Fast forward to the late 1990s. Suddenly, it occurred to someone that maybe computers weren’t as smart as we thought. Maybe computers are only as smart as humans. Maybe, even, only as smart as the dumbest humans involved in their upkeep. The kind of humans that think all programs should work in perpetuity even when the code is ancient enough to think 2001 is science fiction. At which point, a flurry of Y2K retrofitting, mitigation, and contingency planning was unleashed. As was a torrent of money, which paved a solid gold brick road for companies like the one I worked for. We didn’t know if ATMs would stop dispensing money, or nuclear power plants would implode, or planes would fall out of the sky. But we were going to make a killing trying to make sure nothing would happen.

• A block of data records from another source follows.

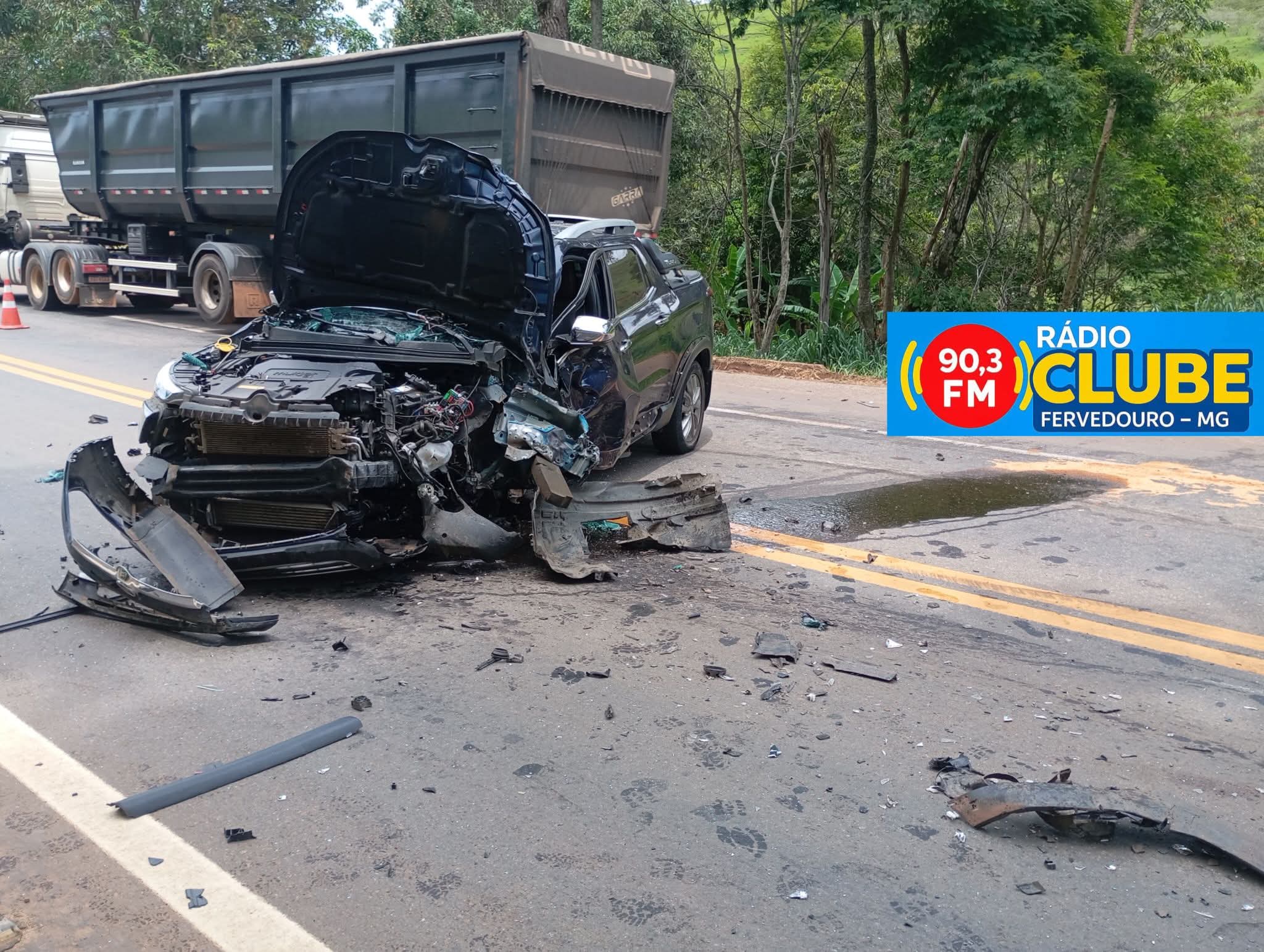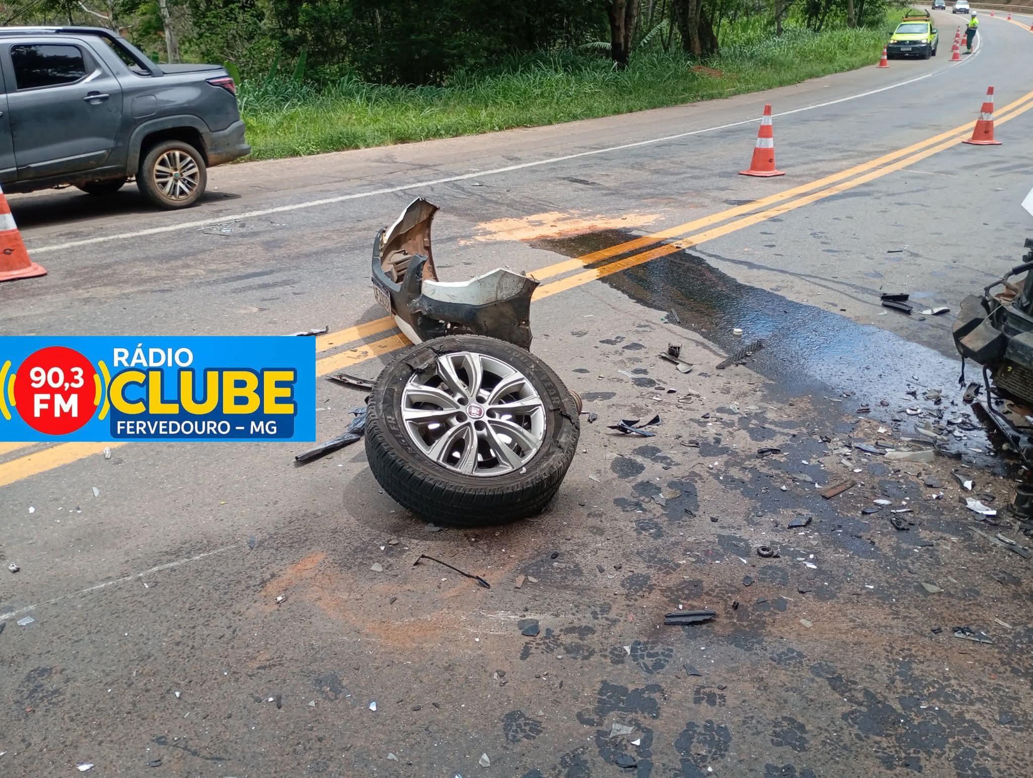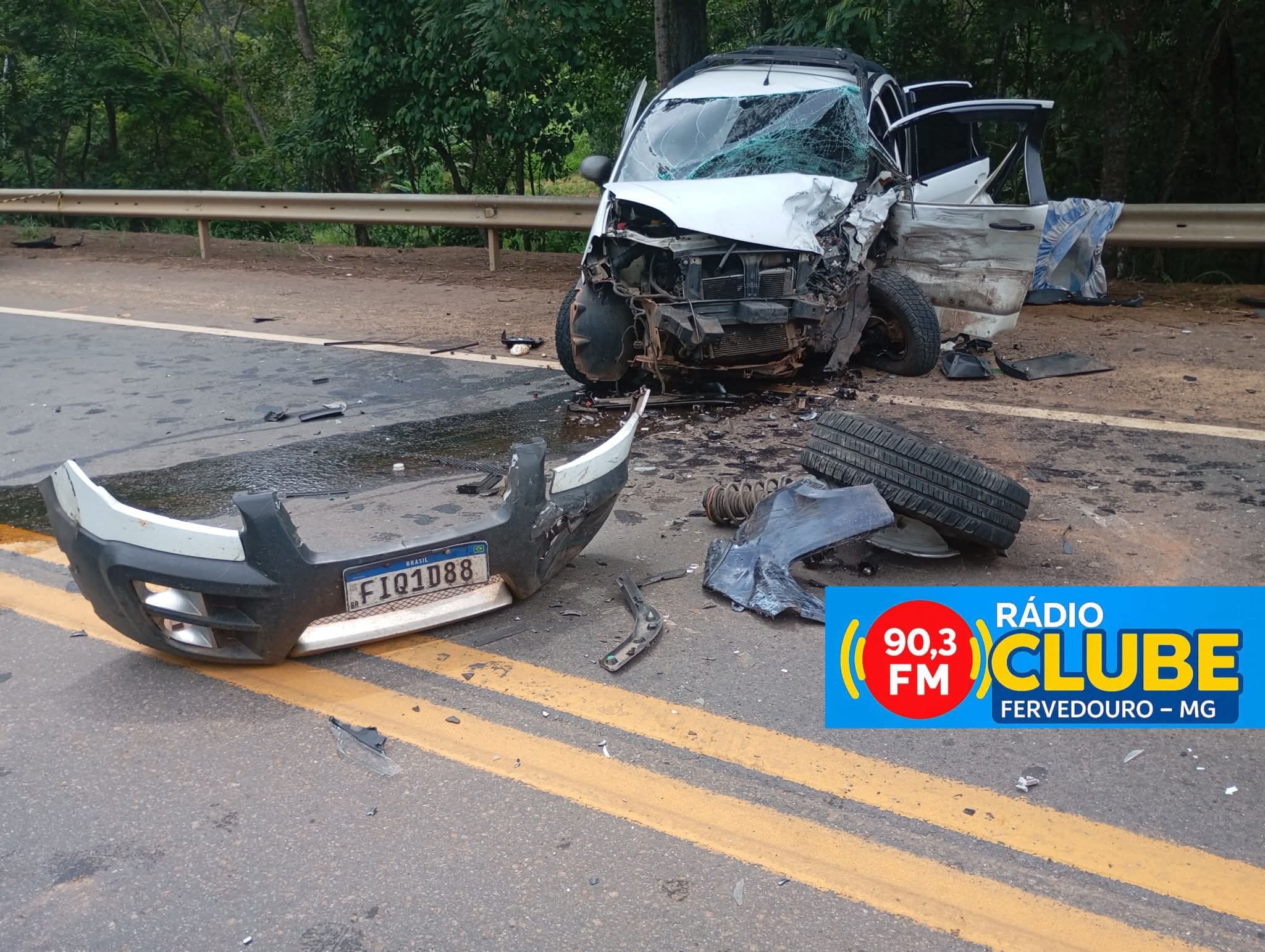 Um grave acidente ocorreu no início da tarde deste sábado (03/01/26) na BR 116, na saída de Fervedouro para Divino, onde houve a colisão frontal entre dois veículos, sendo um Fiat Idea que seguia em direção à Fervedouro e uma caminhonete Fiat Toro que seguia para a região nordeste do Brasil.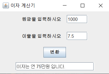 JTextField text3 = new JTextField("이자는 연 75만원 입니다.", 20);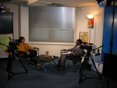 El periodista Elie Smith de 3Atelesud entrevistando a la Agregada Turística del Consulado General de Perú en París, María Elena Corvest, en la sede de la televisión africana en París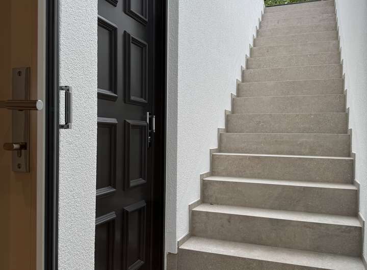 Elegante sandfarbene Feinsteinzeugplatten in Natursteinoptik (Terrasse, Gartenweg, Aussentreppe) (Fa. Die Fliese, Ismaning)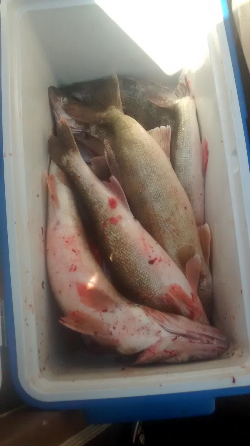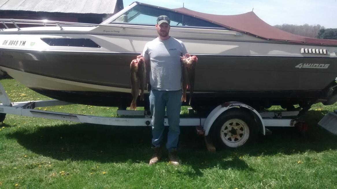 It started out with bad luck from the start plus I was nervous anyways because of being my first time operating a boat on lake Erie although I have been on the lake many of times just not behind the wheel so with that being said the problems started the night before which was this past Saturday night I hooked the boat up to the truck to find the tail lights weren't working on the trailer as I looked at the wires I found several different splices so I started there to find nothing wrong and by 1:30am I found that it was the wires on my truck that were bad eerrr!! Finally got to bed at 2am and woke up at 4:30am made my coffee finished putting the last few things in the boat and headed off to pick my brother up and then to the lake. Got a couple miles down the road went to reach for my coffee and it wasn't there I had left it on the bench in the garage?:mad: Strike 2.... Got to Toussaint about 7:30 put the boat in the water and went to start it when I noticed the key was in the on position!!! Went to start it yep it was dead luckily I have a back up battery switched it over and she fired then off we went got about 300 yard from ramp as my brother was still messing with the depth finder which I told him come on I need to know what depth I'm in? But it was too late as I found myself stuck in the mud...... Strike 3....After several minutes getting out of that we were on our way to open water and finally to our destination which was out front of Bessie in 14-16FOW. 8:30 I made my first cast and BAM fish on from there our luck turned around and ended up catching 9 Walleye by 10am. We were using purple and green hair jigs tipped with shiners and casting into the wind and all the strikes were within the first few cranks using a quick snap up 6-8 inches off the bottom. All in all its turned out to be an awesome day my main focus was getting on and off the lake safely and the Walleye was a bonus. Oh and thank you pimplepounder I figured out with your help how to post pics. Lol...Attachment 3898Attachment 3899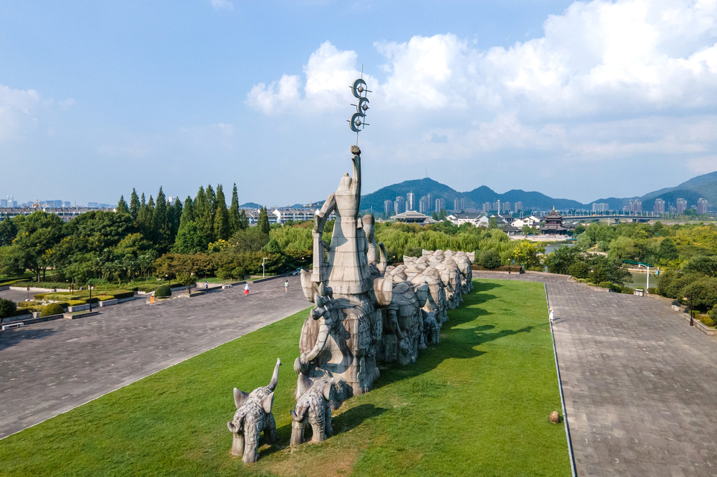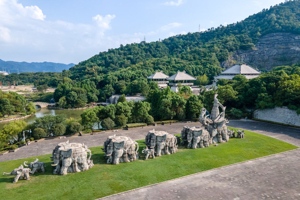 走出大舜庙便来到了又一个核心景点,它就是舜耕群雕,是整个中华孝德园的镇园之宝,其设立理念以“象耕鸟耘”的典故,由15个石象组成,全长68米、最高处27米,为亚洲最大的群雕石象,若是游人站在大象脚下,则会显得格外的渺小,这也足以体现出其壮观程度。
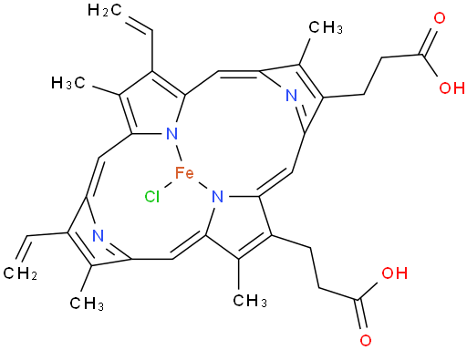 | Chemical Name | 1,3,5,8-Tetramethyl-2,4-divinylporphine-6,7-dipropionic acid ferrichloride |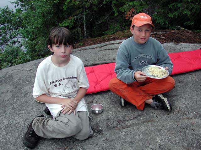 This time there was another party across the lake from us, but we could barely tell they were there. We cooked our last meal of pasta with sun-dried tomatoes, basil and pine nuts. The now familiar rock served as our dining room. We hit the tents early for a well deserved rest. Copyright 2002 by Richard Rathe & Family |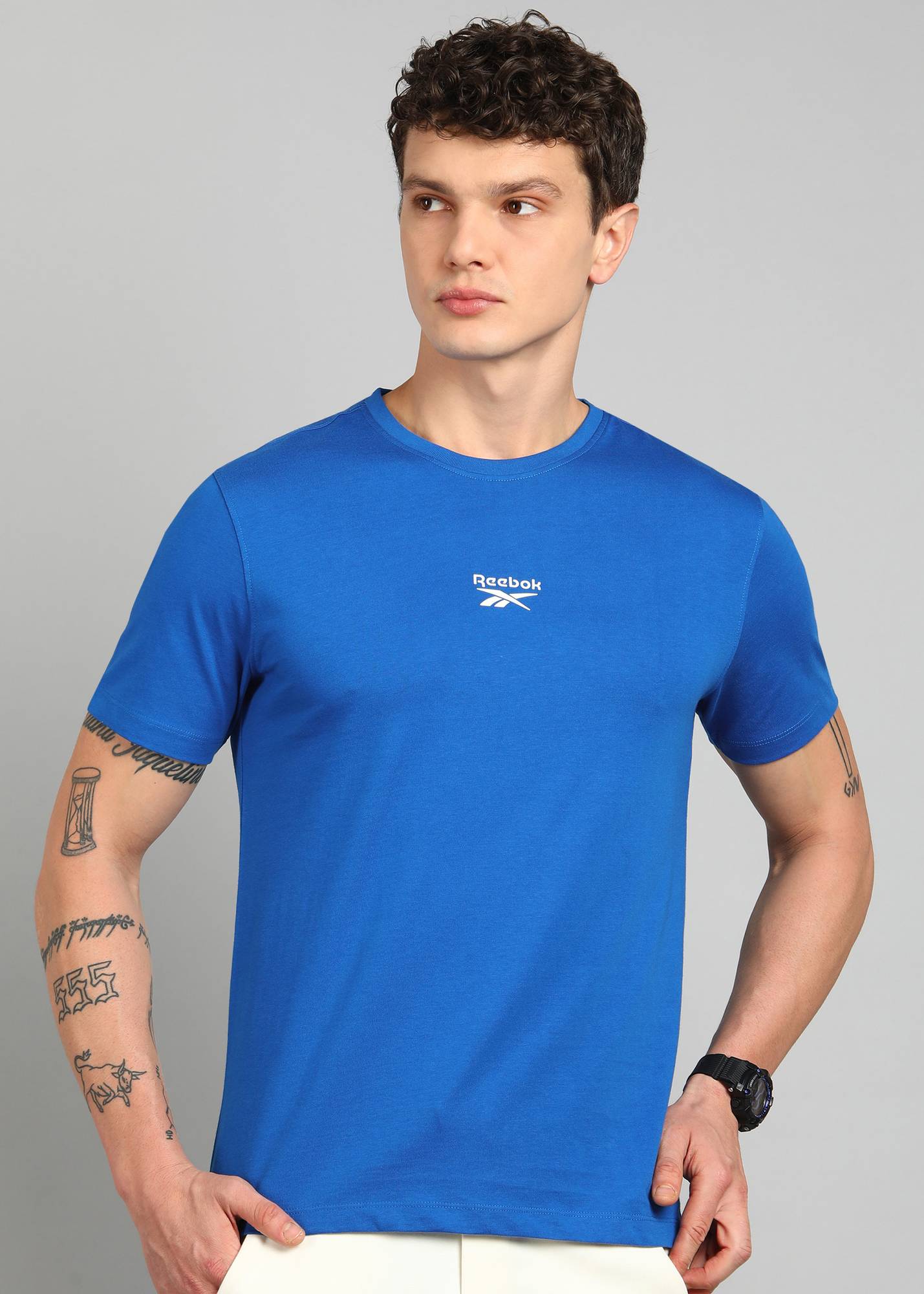 REEBOK Solid Men Round Neck Blue T-Shirt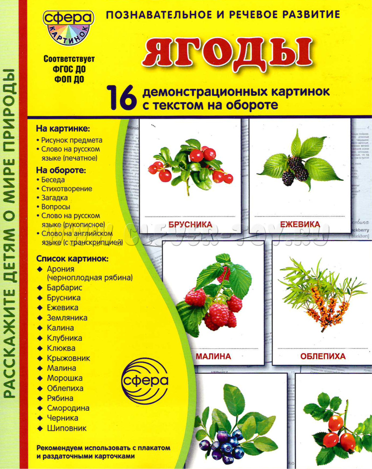 Комплект "Ягоды" состоит из 16 цветных демонстрационных карточек (картинок) и адресован детям и их родителям, желающим познакомиться с полезными ягодами, растущими на территории нашей страны.

On the night the world might stand still, I was at a New Year’s Eve dinner party at my friend Jan’s apartment. But we could not party like it was 1999. Most of us were on call in case our customers’ computers imploded, although I am not quite sure what I could have done. Perhaps make sandwiches from the Spam in the stockpile of Y2K provisions. However, as we all know, the 20th century ended not with a bang but with the whimpering of the Fortune 500 companies that had poured billions into averting disaster, and were not quite sure whether there had been a disaster in the first place. We went out on the balcony while the clocked ticked towards midnight, and watched as fireworks burst and glittered over Lake Ontario, and when the noise died down, there was nary a peep nor beep from anyone’s pager. So we broke out the bubbly, but with less enthusiasm than Prince would’ve liked. The gravy train had finally dried up, just like the run on Spam. Nothing to see here.